I saw another thread in which the OP painted his silver dash trim to match his car's exterior. I did the same with mine this evening, and I really like the effect.









The lighter patches on the right are just glare. I'll try to get some daylight shots from various angles tomorrow.


----------



## garrettb1 (Feb 21, 2012)

looks nice, how does that trim come off?


----------



## coinneach (Apr 10, 2012)

Easy peasy. Use a plastic knife (or a trim panel removal tool, if you're fancy) to pry up the chrome trim ring on the shifter boot and lift it up over the shifter. Pry gently under the lower edges of the shifter trim panel (the lower bit) to ease it out of the console. Remove the TC switch from the underside of the lower trim piece with a Phillips screwdriver, it's held on with two screws. Set the panel aside and do the same with the upper panel, and disengage the clips holding the vents in (five on each side). Paint as desired and let dry thoroughly. If you tend to scuff your car's interior plastics, I'd suggest a couple of layers of clearcoat. Installation Is The Reverse Of Removal(tm).


----------



## aciz (Jan 19, 2012)

I did mine red to match the exterior, but still haven't been able to get the silver trim off of the automatic shifter, nor get the silver trim from around the steering wheel... hopefully soon...


----------



## Brischke (Apr 25, 2012)

Interesting, what type of paint is used for this? Any way to get exact match with factory colors (cheaply)?


----------



## coinneach (Apr 10, 2012)

Brischke said:


> Interesting, what type of paint is used for this? Any way to get exact match with factory colors (cheaply)?
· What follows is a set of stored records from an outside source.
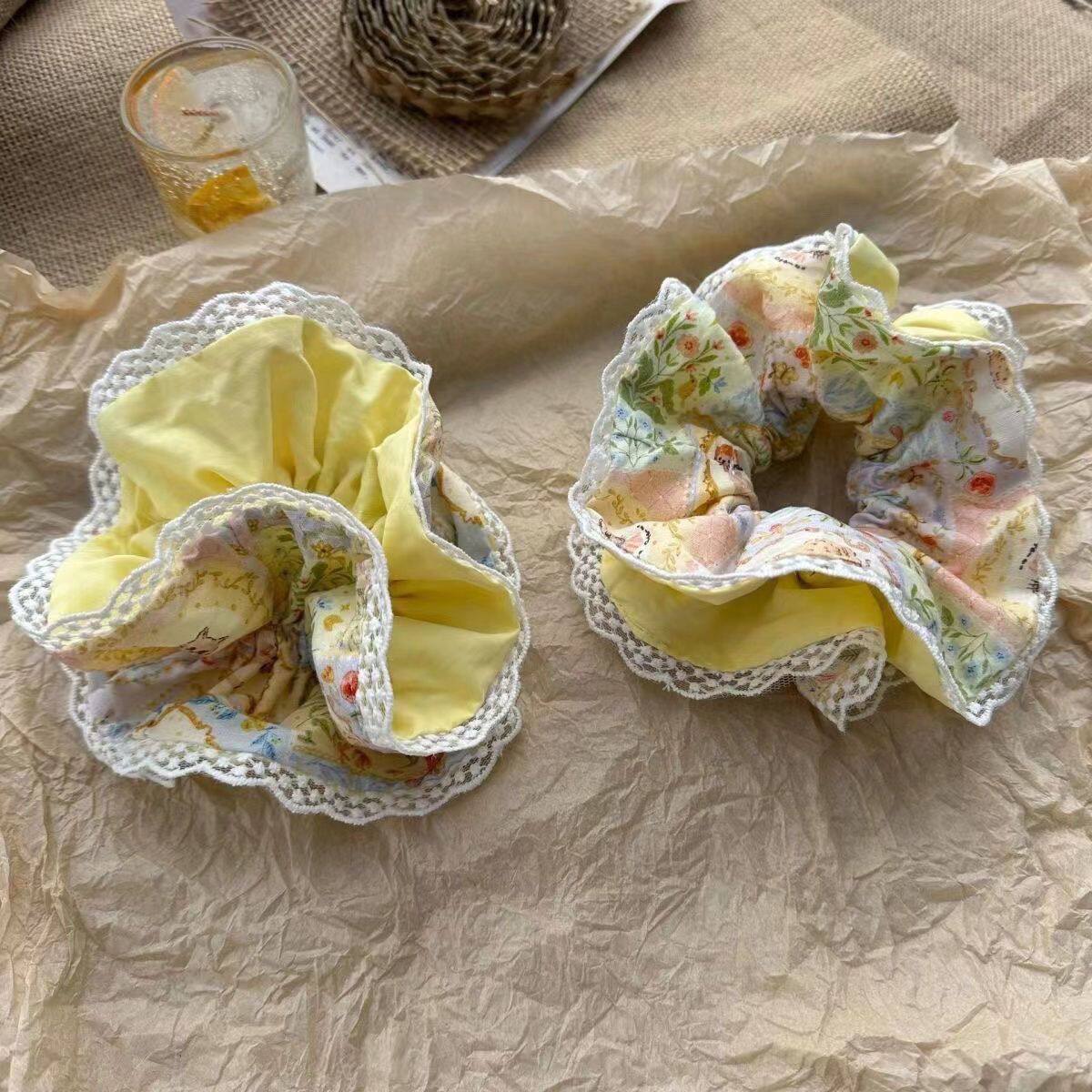 春日油画清新蕾丝甜美可爱少女田园猫咪发圈发绳头花大肠头绳花边
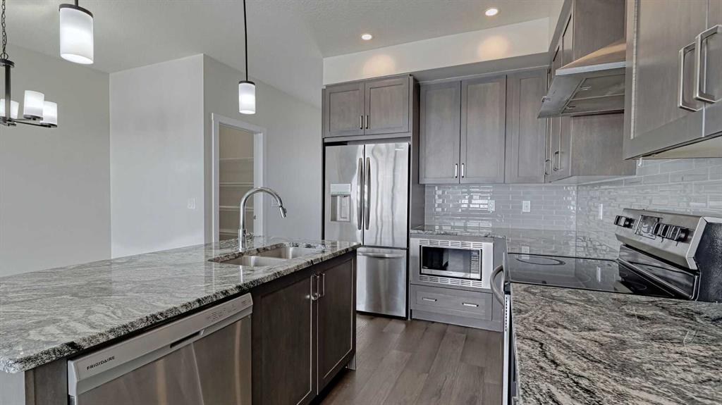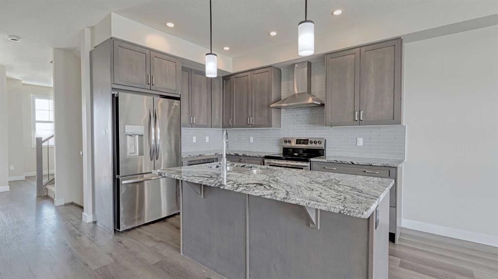 Welcome to this New and young community of Alpine park. No Condo fees!!!!. Spacious 3 Level home plus a lower level. 3 bedrooms + large main floor Den/Office, 2 and 1/2 bathrooms, Double attached garage. This home offers lots of living space, beautiful open concept with 9 ft Ceilings, lots of large windows and natural light coming in. The second level is very welcoming with large Living room, Dining room, and a Stylish kitchen. Upgraded Stainless steel appliances, Quartz counter, large island, lots of upgraded cabinets, Luxury vinyl laminate flooring and more. Enjoy large family or intimate dinners in the ideal Dining room. Primary Suite has a 4 piece En-suite and very large walk-in closet. Two more very good size bedrooms on this level and a 4 piece main bathroom, and laundry. Double attached garage is a bonus. Close to many amenities, shopping, and major routes . Transit bus stop is 1 minute away. Property to be painted and professionally cleaned. A perfect home for you to enjoy.
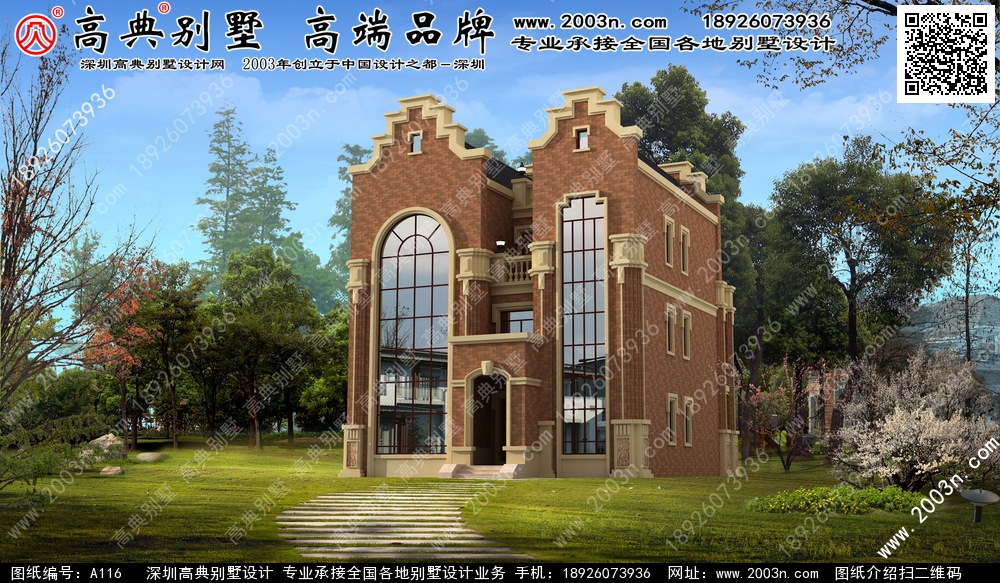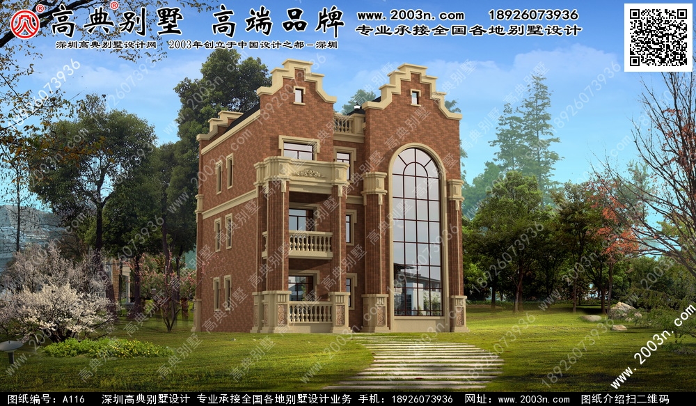外墙劈开砖、水泥构件葫芦柱栏杆、进口砂岩石浮雕、黄色真石漆涂料、欧式水泥构件线条、屋面平板瓦 |

Cheap, no. I got factory touch-up paint from my dealer, one can each of spray and bottle for $13 each (I used spray for this, will be doing the large bowties with spray and the small ones with the brush). I couldn't find a Duplicolor close enough to Ice Blue for my liking. If you have any experience at all with plastic models, this project is a cakewalk.


----------



## aciz (Jan 19, 2012)

I have a 2011 crystal red tintcoat. NOBODY (even the local dealers) have an exact match spray. I found another brand (can't remember the name) that is as close as you can get - you can hardly notice the difference when the painted parts are held near the body. I have debated using this same to do the bowties, but may go black instead.


----------



## bubby2411 (Sep 3, 2011)

here locally we have a paint shop which i have known them for years and i worked for them for a while and will prob go back to working for them in the winter. but they can match any paint I have not seen them fail at it once.


----------



## coinneach (Apr 10, 2012)

aciz said:


> I have a 2011 crystal red tintcoat. NOBODY (even the local dealers) have an exact match spray. I found another brand (can't remember the name) that is as close as you can get - you can hardly notice the difference when the painted parts are held near the body. I have debated using this same to do the bowties, but may go black instead.


Yeah, my dealer had to order it, took two weeks to come in. If you can get it close enough locally, by all means do it.


----------